U.S. Intellectual History Blog

2026 S-USIH Annual Book Prize

The Society of U.S. Intellectual Historians is excited to announce that the co-winners of the 2026 book prize in United States Intellectual History are Andrew Hartman for Karl Marx in America (University of Chicago Press, 2025) and Jarvis C. McInnis, Afterlives of the Plantation: Plotting Agrarian Futures in the Global Black South (Columbia, 2025). Honorable mention is awarded to Andrew Preston, Total Defense: The New Deal and the Invention of National Security (Harvard, 2025).

Thanks to the Book Prize Committee (Robert Greene, Ronnie Grinberg, and Keidrick J. Roy) for the detailed and deliberate work done to reach this decision.

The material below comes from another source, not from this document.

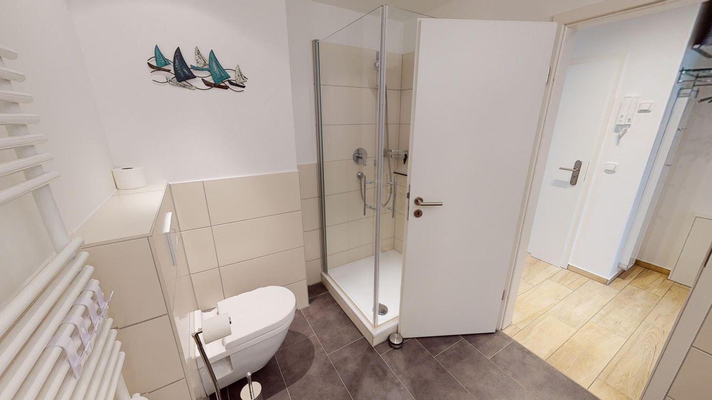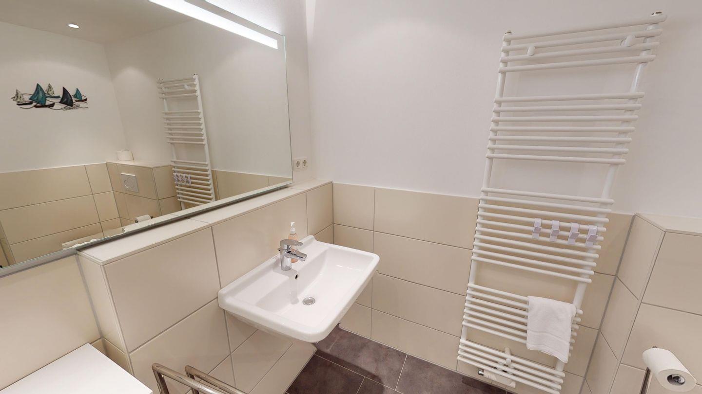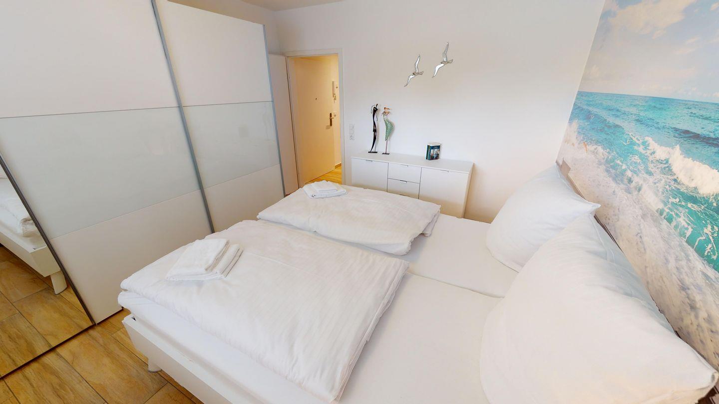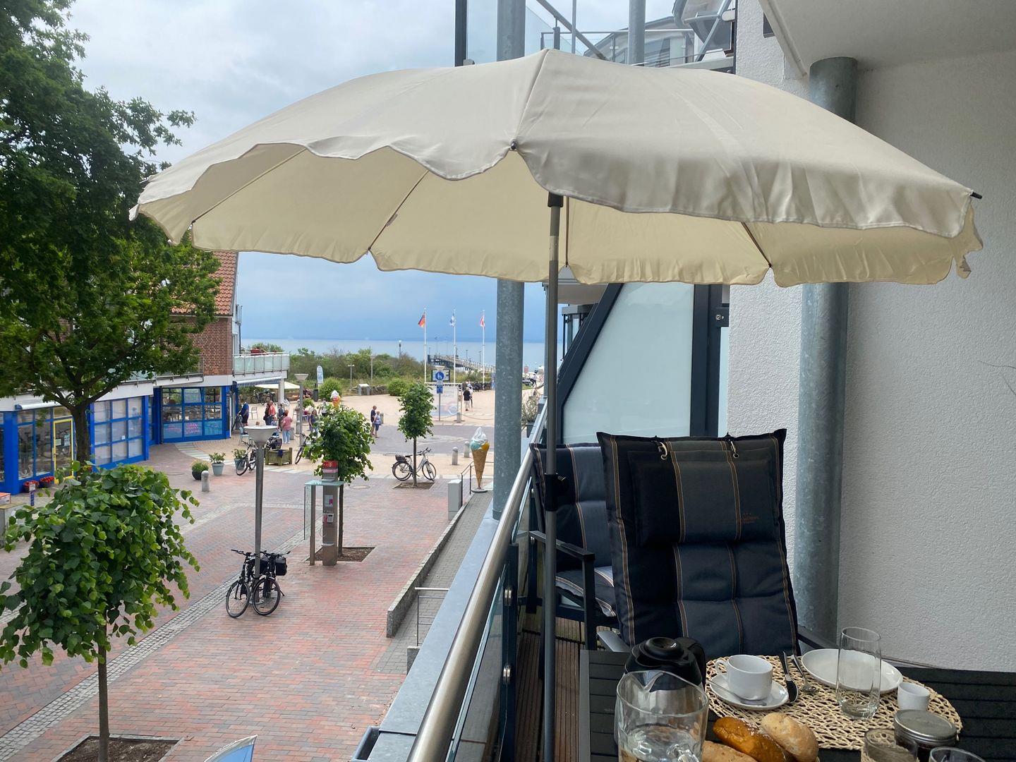 Genießen Sie den seitlichen Meerblick vom Balkon oder nutzen Sie den zweiten großen Balkon mit Fasssauna gegenüber der Wohnungseingangstür. Einen eigenen Fitnessraum finden Sie im Keller!

The author or editor of four books, Andrew Hartman is Distinguished Professor of History at Illinois State University where he teaches courses in U.S. history, as well as courses in the philosophy of history, historiography, and pedagogy. Jarvis McInnis is an Associate Professor of English at Duke University, and an interdisciplinary scholar of African American & African Diaspora literature and culture, with teaching and research interests in the global south (primarily the US South and the Caribbean), sound studies, performance studies, and visual culture. Andrew Preston is the recently named W.L. Lyons Brown Jr. Jefferson Scholars Foundation Distinguished Professor of Diplomacy and Statecraft at the University of Virginia.

The committee writes:

Andrew Hartman’s Karl Marx in America was chosen by the committee because of its crisp and accessible prose and compelling argument about Marx’s influence on American life. Hartman shows that rather than the United States being a “quintessential anti-Marxist nation,” Marx’s ideas were robustly debated across the country in various, and often surprising, ways for more than one hundred and fifty years. While Marxism did not prevail in the U.S.,Hartman persuasively shows how arguing and engaging with Marx’s ideas has left an indelible print on American social, cultural, and political thought. Hartman brings this fascinating history to life in his eloquent book.


Meanwhile, Jarvis C. McInnis’s Afterlives of the Plantation provides an innovative and valuable reappraisal of key facets of African American intellectual history. In particular, McInnis’s rendering of a “global Black South” stages a range of important contributions and interventions. McInnis shows how the U.S. South and Caribbean became critical loci for the formation of a distinct and robust Black intellectual and artistic tradition, convincingly arguing that Black modernity did not emerge solely from the African American migration to the urban North but from within the crucible of the hemispheric plantation South.  In addition, McInnis reappraises Booker T. Washington as a more complicated and nuanced figure than common renderings of him as the conservative foil to W. E. B. Du Bois in African American history. Finally, Afterlives of the Plantation places Washington, and other key Black figures, into a generative transnational intellectual context. The book, too, is beautifully written and argued.


Finally, Andrew Preston’s Total Defense speaks to the present moment and concerns over the intersection of national defense and the national security state. Preston’s work places that history squarely within the context of President Franklin Roosevelt’s New Deal. In particular, Preston traces the evolution of Roosevelt’s priorities “from the welfare state to the warfare state” through an adroit analysis of a dazzling array of sources. In the end, Total Defense shows how American foreign policy and the debate over the meaning of “national security” permeated much of American intellectual, political, and cultural history.


All three works pushed committee members to reconsider their historiographical assumptions governing approaches to the diverse field of United States intellectual history. There were many laudable submissions to this year’s prize, and deciding on the honorees was difficult. Congratulations to all the winners and nominees!